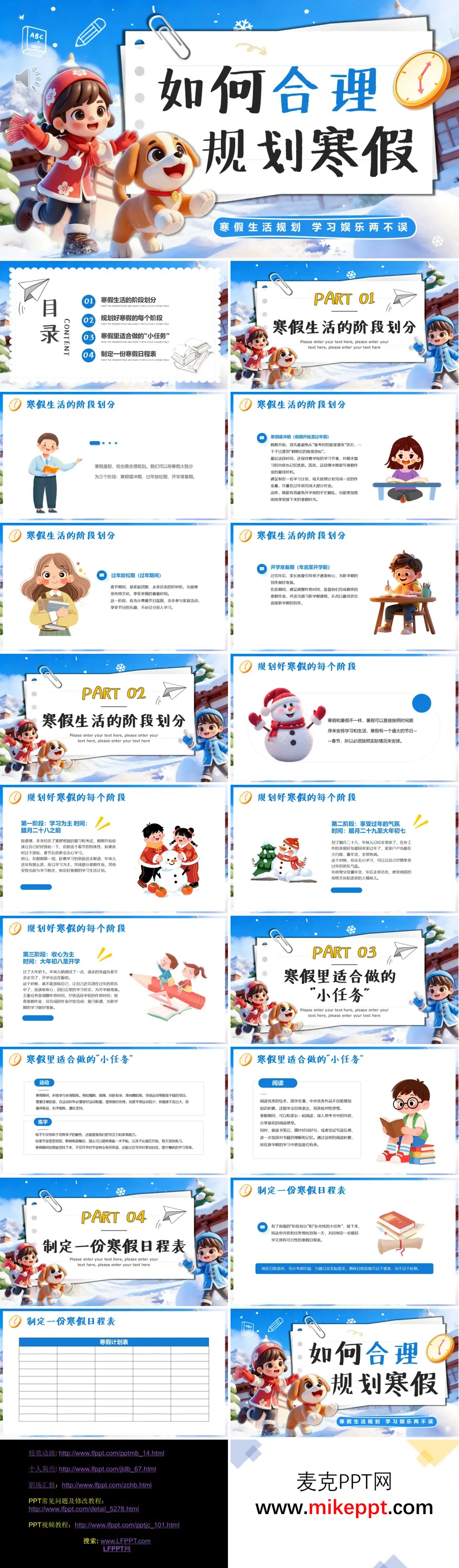 这是一份针对学生寒假规划的实用PPT指南,共包含四个核心部分。第一部分将寒假划分为三个阶段:寒假缓冲期(假期开始至过年前)建议保持学习节奏,完成大部分作业;过年放松期(过年期间)应充分参与家庭活动,感受传统文化;开学准备期(年后至开学前)需调整作息,完成作业并预习新课。 第二部分明确了各阶段具体时间:腊月二十八前以学习为主,完成部分作业;腊月二十九至大年初七享受过年气氛,帮助父母置办年货、走亲访友;大年初八至开学则应收心调整,回归正常学习状态。 第三部分推荐了寒假三项小任务:坚持体育锻炼(如慢跑、跳绳、球类运动),练字培养耐性和专注力,以及阅读优秀作品并做读书笔记。最后强调需根据个人情况将这些内容细化到每日,制定科学可行的寒假日程表,做到学习娱乐两不误。
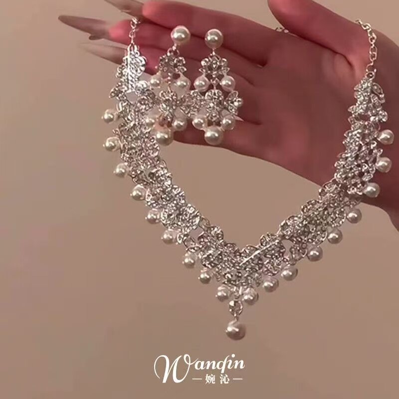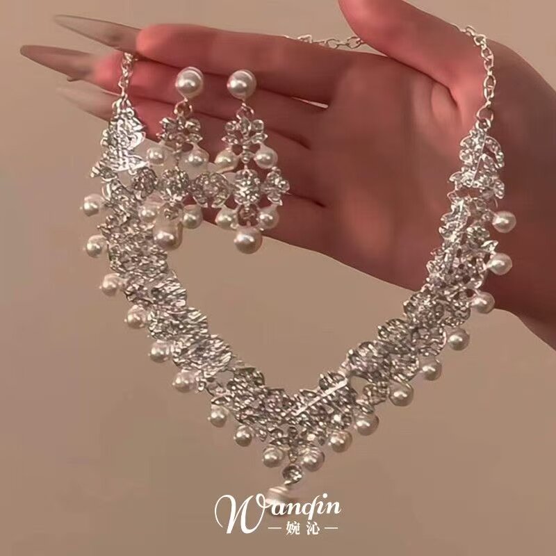 繁星璀璨法式复古仿珍珠流苏项链公主超闪锁骨链配礼服多层银色
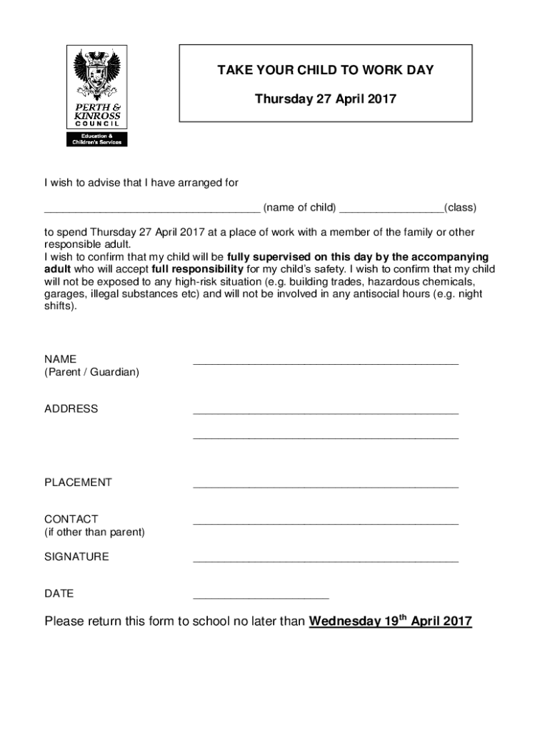 TAKE YOUR CHILD TO WORK DAY Thursday 27 April 2017I wish to advise that I have arranged for (name of child) (class) to spend Thursday 27 April 2017 at a place of work with a member of the family or
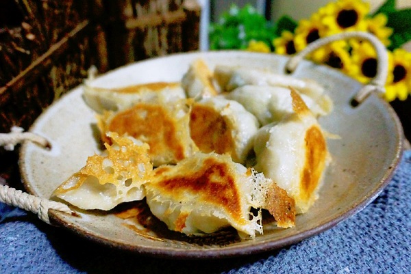 7、平底锅中放适量的油,五成热时摆放入柳叶饺。小火慢煎至底部变得金黄稍焦。
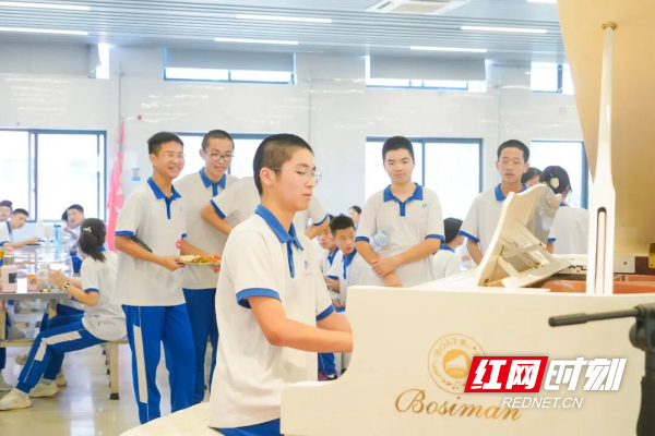 人们常在高档餐厅里边吃饭边听钢琴演奏,而在湖南师大附中小桃园食堂,一架由校友张艺兴捐赠的白色三角钢琴静静安放,多才多艺的学子轮番演奏,用琴声“伴饭”,学习生活也多了一份享受和放松。
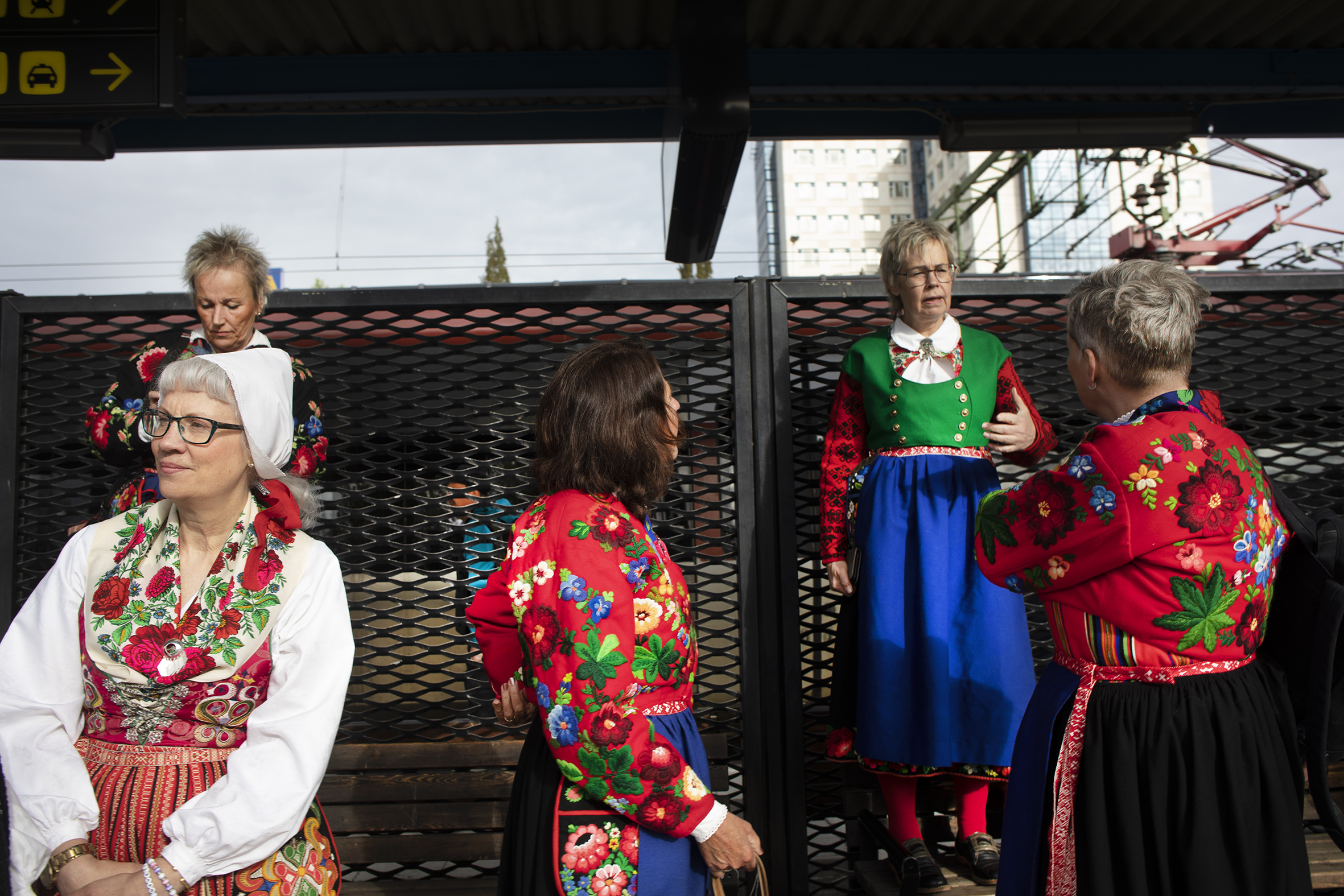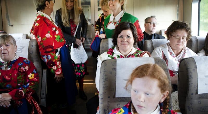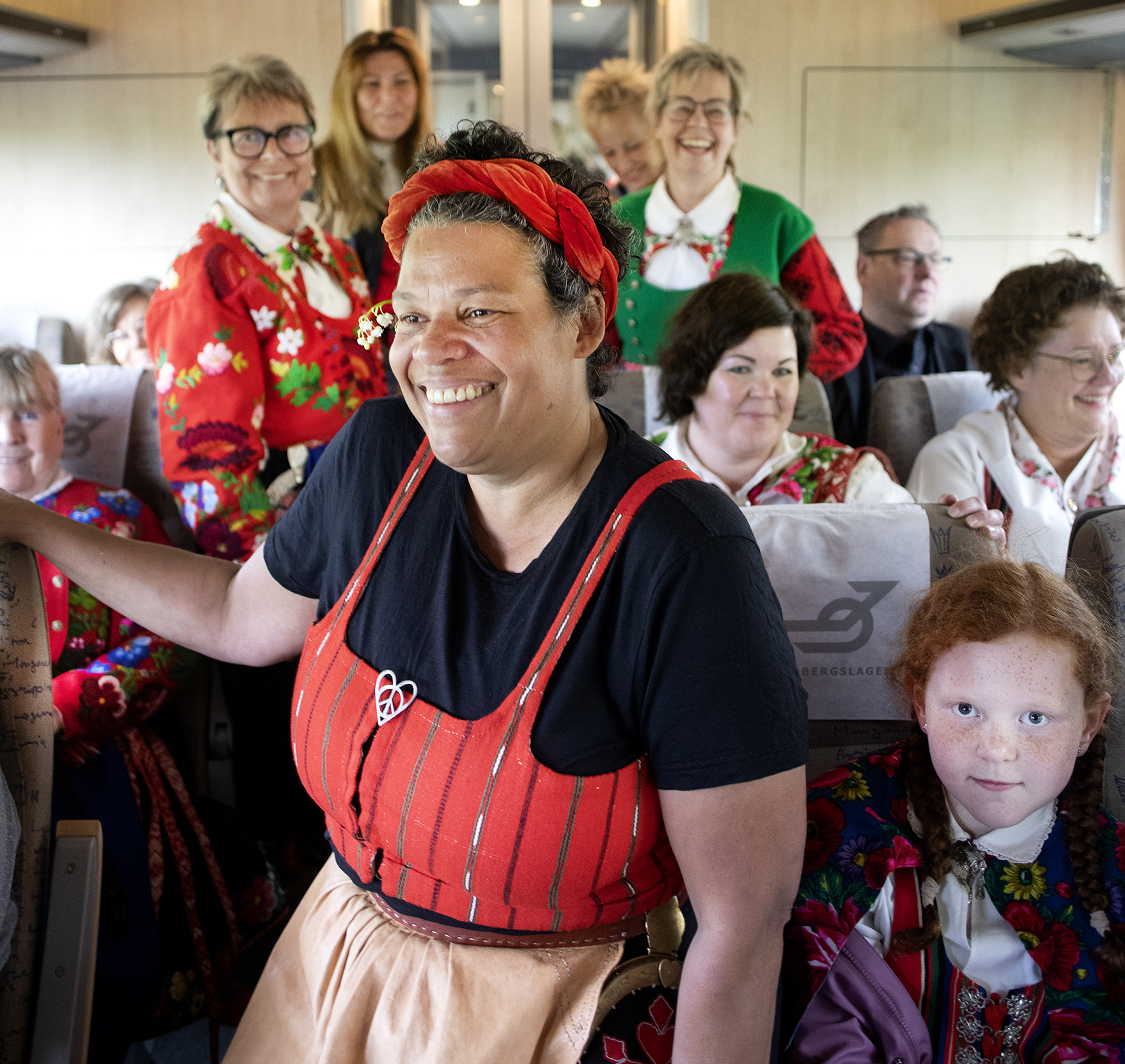 Konstnären Lotta-Maja Öhman hoppade på i Djurås. Hon har sytt ett arbetsförkläde i skinn och har fäst liljekonvaljer i den virade röda hårbandet. Hennes kläder vittnar om hur Dala-Floda dräkten gift sig med en praktisk konsthantverkare som med ett nysmitt fredshjärta-smycke pryder det röda livstycket. När Stockholmtåget är redo för avgång ifrån Sala är man hela 186 dräktklädda ombord.

Description of the task:
Extract, word for word, each line from the top of the data down to and including the line with "繁星璀璨法式复古仿珍珠流苏项链公主超闪锁骨链配礼服多层银色"; skip the pictures.

Answer to the exercise:
 这是一份针对学生寒假规划的实用PPT指南,共包含四个核心部分。第一部分将寒假划分为三个阶段:寒假缓冲期(假期开始至过年前)建议保持学习节奏,完成大部分作业;过年放松期(过年期间)应充分参与家庭活动,感受传统文化;开学准备期(年后至开学前)需调整作息,完成作业并预习新课。 第二部分明确了各阶段具体时间:腊月二十八前以学习为主,完成部分作业;腊月二十九至大年初七享受过年气氛,帮助父母置办年货、走亲访友;大年初八至开学则应收心调整,回归正常学习状态。 第三部分推荐了寒假三项小任务:坚持体育锻炼(如慢跑、跳绳、球类运动),练字培养耐性和专注力,以及阅读优秀作品并做读书笔记。最后强调需根据个人情况将这些内容细化到每日,制定科学可行的寒假日程表,做到学习娱乐两不误。
 繁星璀璨法式复古仿珍珠流苏项链公主超闪锁骨链配礼服多层银色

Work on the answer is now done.